Total: Abilities: 24 / Skills: 8--4 / Advantages: 8 / Powers: 458 / Defenses: 16 (510)
-Amazo, being pretty much the worst name in the history of comics not possessed by a D-League joke (Paste-Pot Pete, Rainbow Raider and the like), got only one or two mentions and nods in the episodes featuring this guy, usually referred to as "The Android" or "Ivo's Android". A nanotech-based monster of a warrior (who nonetheless only wishes for a father figure to replace the dead Ivo), he pretty much just scans the members of the League and copies their powers. "Power Copying" is about the nastiest power in all the world, so he made short work of the team numerous times, being beaten back once only because he'd gained Superman's weakness to Kryptonite the first time around (it wouldn't work a second, since Amazo was wise to it). Subsequently, he was the classic case of "convince the bad guy to go away", as J'onn willingly gave up his Telepathy to allow The Android to read Luthor's mind, and see his inevitable betrayal.
-Unfortunately, he came back, packing WAY more power the second time around, to punish Luthor and discover his purpose in existence, in that order. Now, I ran into problems with this variant, since he was just FAR too powerful for the context of the show. For a Big Bad ending villain, fine, but this? Especially once he turned good again and tried to help the heroes out? He had GOD-LIKE POWER enough to blow planets apart, and he just hung around, doing nothing? No wonder they half-assedly wrote him out, causing trouble thanks to a deus ex machina in Solomon Grundy's enhanced powers and bailing to allow the League to do their thing. We never saw him again after that, presumably doing whatever the heck else he needed to do to find his purpose in life (hint: The writers plum ran out of crap for him to do, so he was written out permanently- he never returned from his exile from the Grundy fight). Regular Android, good. Godlike Android, bad. He may just be floating above the Earth, wondering when it's safe to come back down.
-The most powerful
JLU character by far, and this is just the BASELINE Android (full-on power is essentially Variable Power X by the time JLU rolled around). His Mimic (essentially Variable since it takes more than a Move Action) has enough ranks on it to gobble up all the power sets in the Big Seven and THEN some, allowing him to increase his power. He's bad enough just with Hawkgirl's Mace & Flash's Speed, but once he starts cranking out GL-level Energy Blasts, the Lasso & all of SUPERMAN's powers? Well then they're just done unless they cheat. Variable's an expensive power once you get to these high levels- he can grab powers at Range, always keeps them, and doesn't have any of those silly flaws that the official "DCA" build gave him, because those don't match what the Mimic or Variable Powers actually outline. But hey, he's a one-shot villain, so you can get away with cracking open the power rules a bit.
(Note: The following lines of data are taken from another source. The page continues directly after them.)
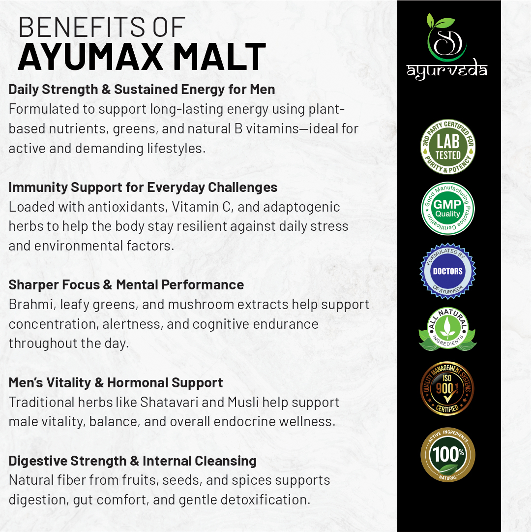 Ayurmax Malt by SD Ayurveda is a carefully crafted Ayurvedic herbal malt designed to nourish the body, boost energy levels, and enhance overall strength and vitality. Inspired by traditional Ayurvedic formulations, this malt combines time-tested herbal ingredients with nutritive elements to support a healthy and active lifestyle.
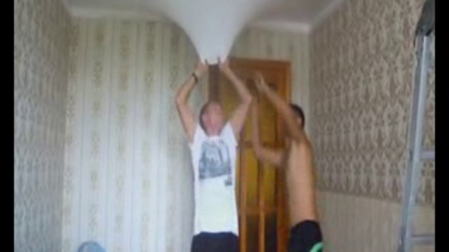 Демонстрация прочности натяжных потолков
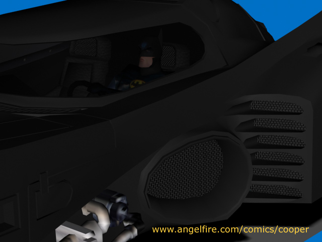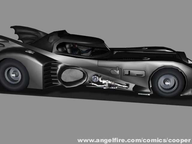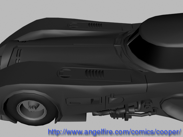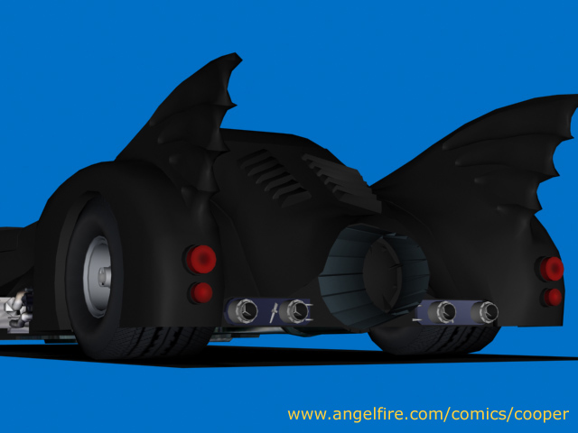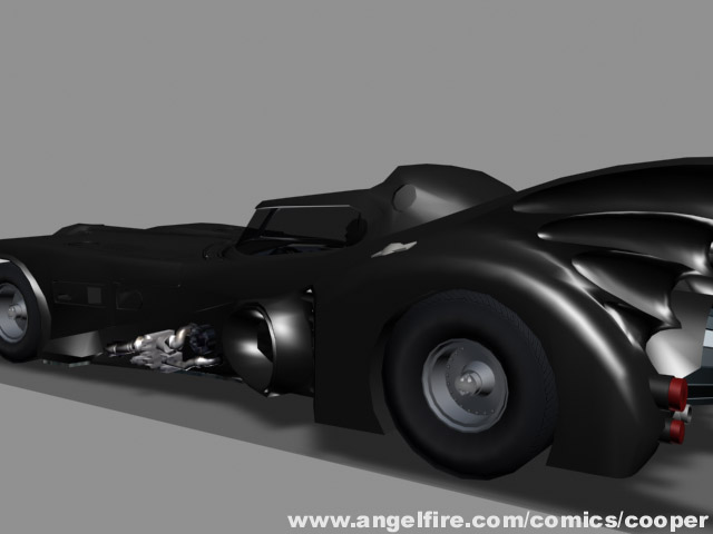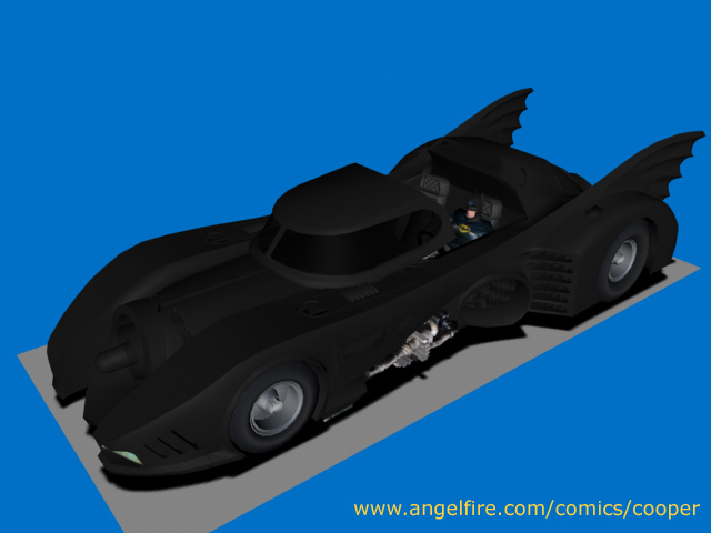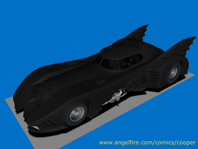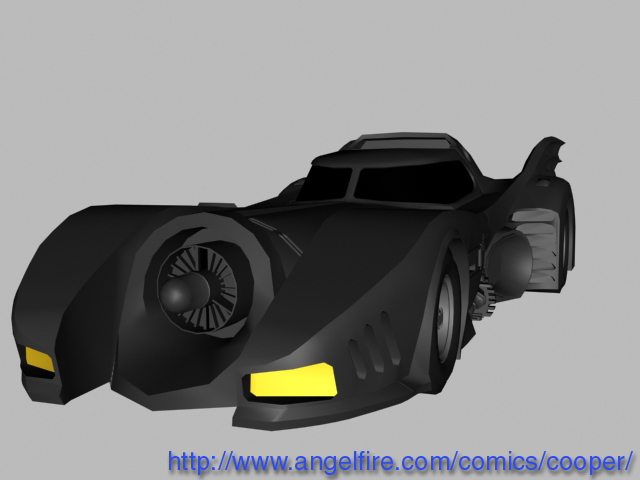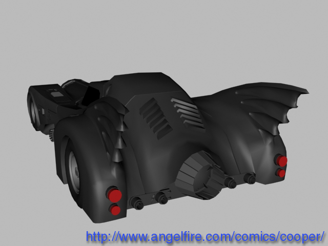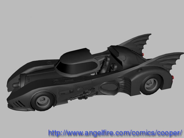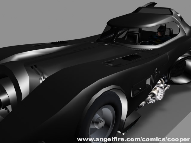 If you clicked the first link above, you’ve seen my earliest 3-D work. I decided to learn to a 3-D program just so that I could put the Batmobile into a computer game. Now that I look back at one of my earliest attempts at 3-D modeling, I’m amazed at how simple it is compared to my current stuff. I think that Batmobile was just under 800 polygon’s. The latest one is over 30,000 polygon’s and it isn’t even done yet. I don’t think I can fit that many triangles into any of today’s computer games at a reasonable frame rate, so I haven’t decide what I’m going to do with it yet. Maybe I’ll make an animation with it or something. Maybe DC Comics will license me to design a Batman game. (Yeah right!) If I’m lucky I’ll win the lotto and use it as a reference to build a life size replica for myself.
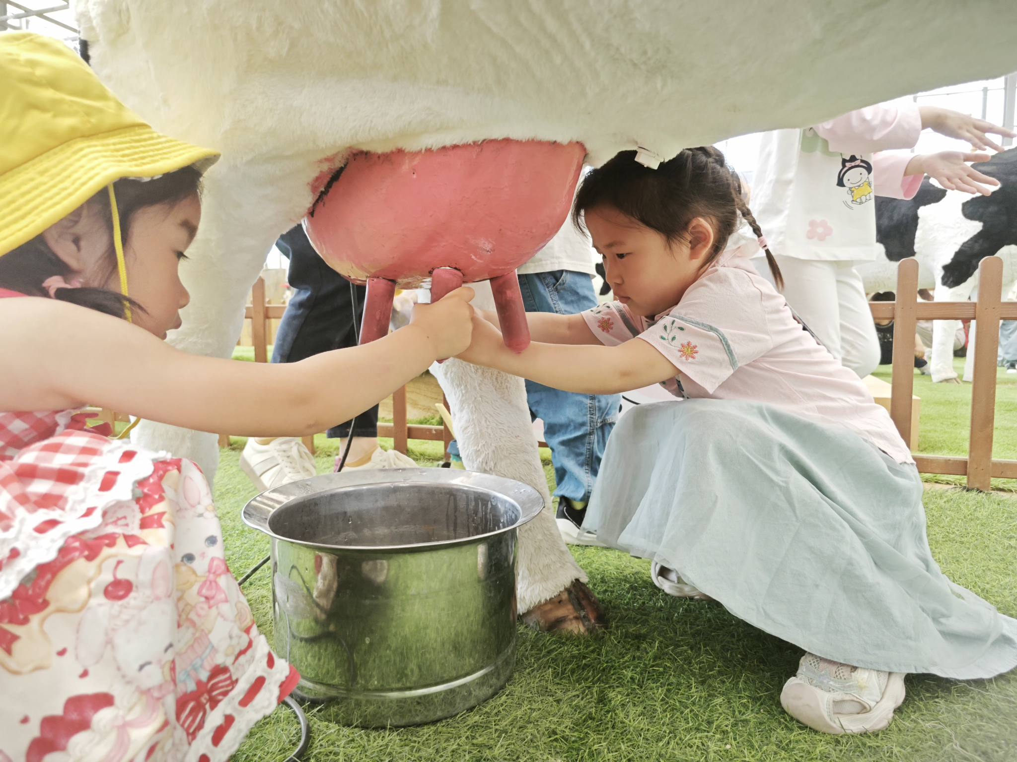 在家长的陪同下,孩子们来到模拟牧场,亲手给软萌的小牛犊喂食,体验挤奶的乐趣。“牛奶原来是这么挤出来的。”“小牛犊吃东西也太好玩了吧。”......孩子们在感叹声中感知生命,在体验中学会关爱。
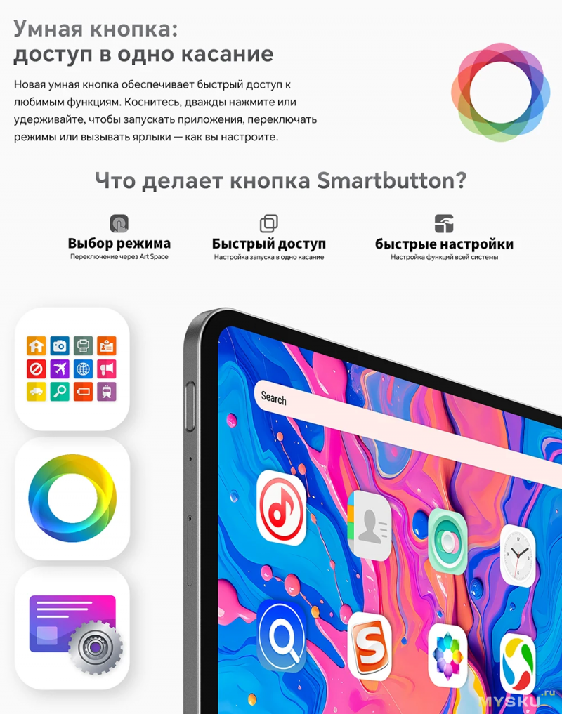 настраиваемая «умная кнопка» для быстрого доступа к функциям.
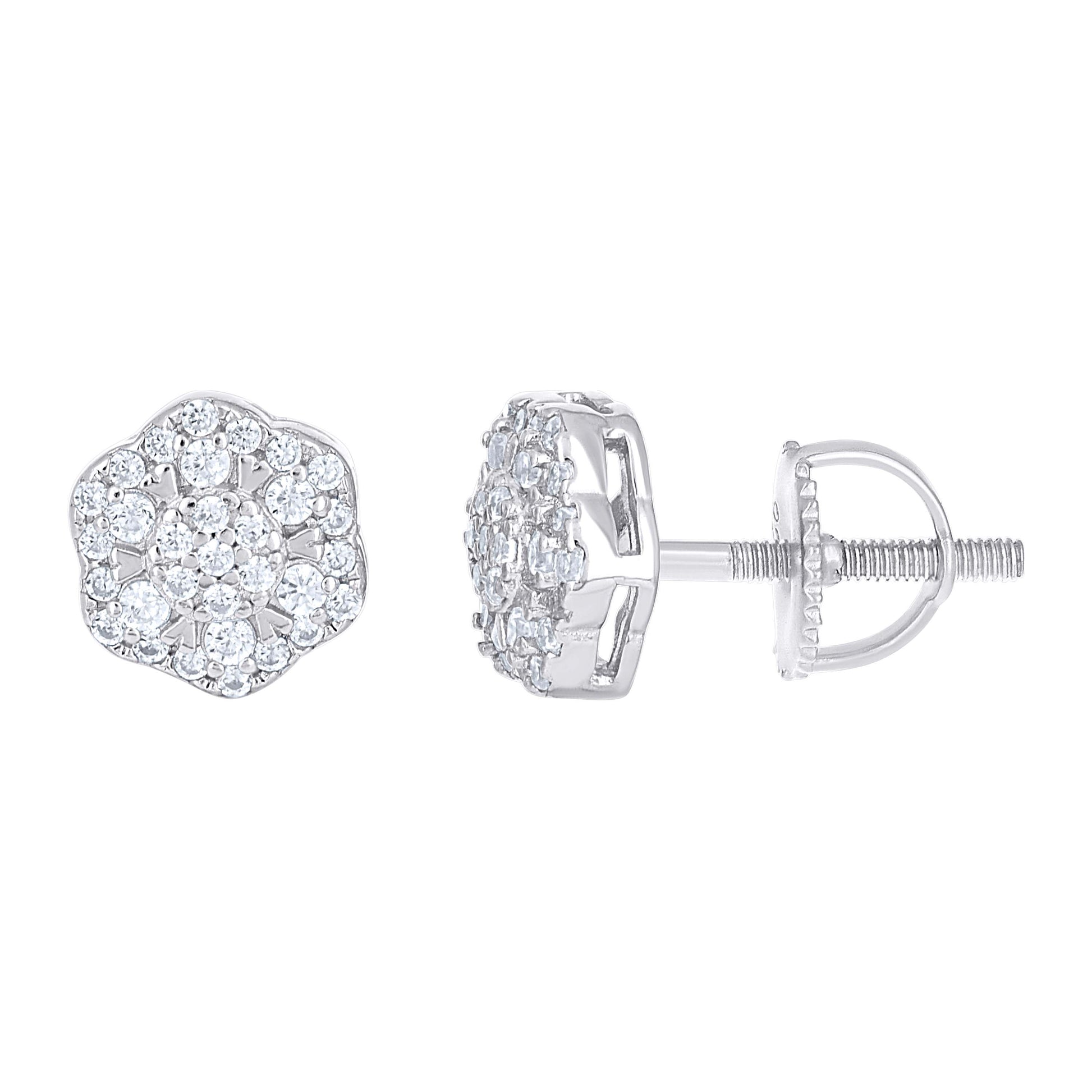 925 Sterling Silver Womens Moissanite Flower Fashion Stud Earrings

-Note some baseline powers he starts with: He's tough, but PL 10 tough. He can Regenerate too, as shown with Luthor blows up his head and he just pops in a new one (obviously he didn't get that from the League). But boosting his Powers with theirs, shoring up his Strength, accuracy and Advantages (mostly from The Flash)? He's a PL 14 ass-kicker.
About the Performer: Robert Picardo is best-known to today's audiences as the holographic Doctor in "Star Trek: Voyager"- about 90% of the episodes I saw focused on him more than any other character, as the writers apparently decided that all the other characters were terrible, and didn't want to focus on them. He was first known to audiences as the hilarious buffoon, Coach Cutlip, on "The Wonder Years", where he perfectly portrayed the kind of always-hostile teacher kids loved to hate. He even had a sweet episode once, where he was a Mall Santa, explaining to the main kid that "I just wanted kids to like me". He actually got his start in theater, doing well on that front.